In some embodiments, the processor 111 may detect and count the number of times a certain amount of fluid flows through the flexible tube 101 during a given time period. For example, the processor 111 may detect that a patient is urinating two times per hour. In another embodiment, the processor 111 may determine the length of time a fluid is flowing though the flexible tube 101. In some embodiments, the processor 111 may determine that urine flow rates of greater than 50 mL per hour are normal and flow rates below 50 mL per hour are abnormal. Responsive to detecting abnormal flow rates, the processor 111 may activate a signaling device 112, as described below. In other embodiments, the processor 111 may be configured to measure the length of time the catheter has been placed in the patient. For example, the catheter may start a timer when removed from its sterile packaging or when activated for the first time. The processor 111 may indicate, using the signaling device 112, the time accumulated on the timer, which may provide healthcare professionals with an estimate of the length of time the catheter has been in place. In some embodiments, the catheter may indicate to a healthcare professional when the catheter should be replaced.
The signaling device 112 may alert a patient and/or medical staff to blocked flow in the flexible tube 101. A “blocked” flow may refer to a lack of fluid flow through the flexible tube 101, a reduced fluid flow through the flexible tube 101, and/or stagnant fluid (e.g., a fluid is present in the flexible tube 101 but is not flowing). For example, and as described in greater detail in relation to
In another embodiment, the signaling device 112 may include a wireless transmitter. When activated, the wireless transmitter may send a signal message to a receiving device. The receiving device may include a computer, smartphone, and/or patient monitor. The receiving device may contain therein a monitoring software program configured to execute monitoring process(es). For example, in a hospital setting, the transmitter may send a wireless alert to a computer at a nurses' station to alert a nurse that there may be a blockage in a patient's catheter. In some embodiments, the signal message may be transmitted responsive to the processor 111 not detecting a predetermined amount of fluid within a predetermined time period. In other embodiments, the signal message may be transmitted to the receiving device at a specific frequency. For example, the signal message may be a status message, which may be transmitted to a nurses' station every 15 minutes, 30 minutes, every hour, or at a longer interval. Shorter time intervals are also possible. The status message may include at least one of the current length of time the catheter has been in place, the last time since an amount of fluid was detected, and an indicator of a flagged status (e.g., the predetermined time between detections of fluid flows has been surpassed). The transmission of the signal message may be automated. The automation may be achieved by using at least one program configured to execute the flow detection and transmission processes.

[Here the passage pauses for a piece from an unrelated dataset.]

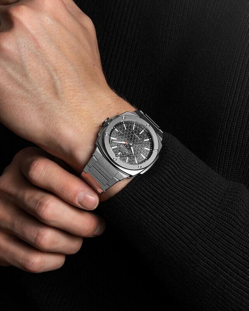 Das Runde Gehäuse ist 41 mm breit sowie 13 mm hoch und schmückt, natürlich abhängig vom individuellen Geschmack, nahezu jedes Handgelenk. Vom Gehäuse hebt sich die Feststehende Lünette dezent ab, ebenso die Verschraubte Krone. Beim Gehäuseboden der Uhr handelt es sich um einen Glasboden, verschraubt, der den Schlusspunkt für ein ansprechendes Design setzt.

The control system 110 may also include a storage device 113. In some embodiments, patient data generated by the system 100 may be stored in the storage device 113. For example, the storage device 113 may include a memory card or flash memory that may be removed from the control system 110 and downloaded into a general computing device (e.g., a laptop). In some embodiments, the storage device 113 may not be removable, but data may be written to and/or retrieved by methods such as, but not limited to, USB, Bluetooth, ad hoc wireless transmissions, and serial data protocols. In some embodiments, a user and/or medical professional may enter patient information into the system 100, which may be stored in the storage device 112. For example, a nurse may enter a patient's name into the system 100, which may then be displayed on an LCD of the signaling device 112. Additional examples of the storage device 113 may include hard drives, solid state hard drives, optical drives, EPROM, EEPROM or any other type of storage device.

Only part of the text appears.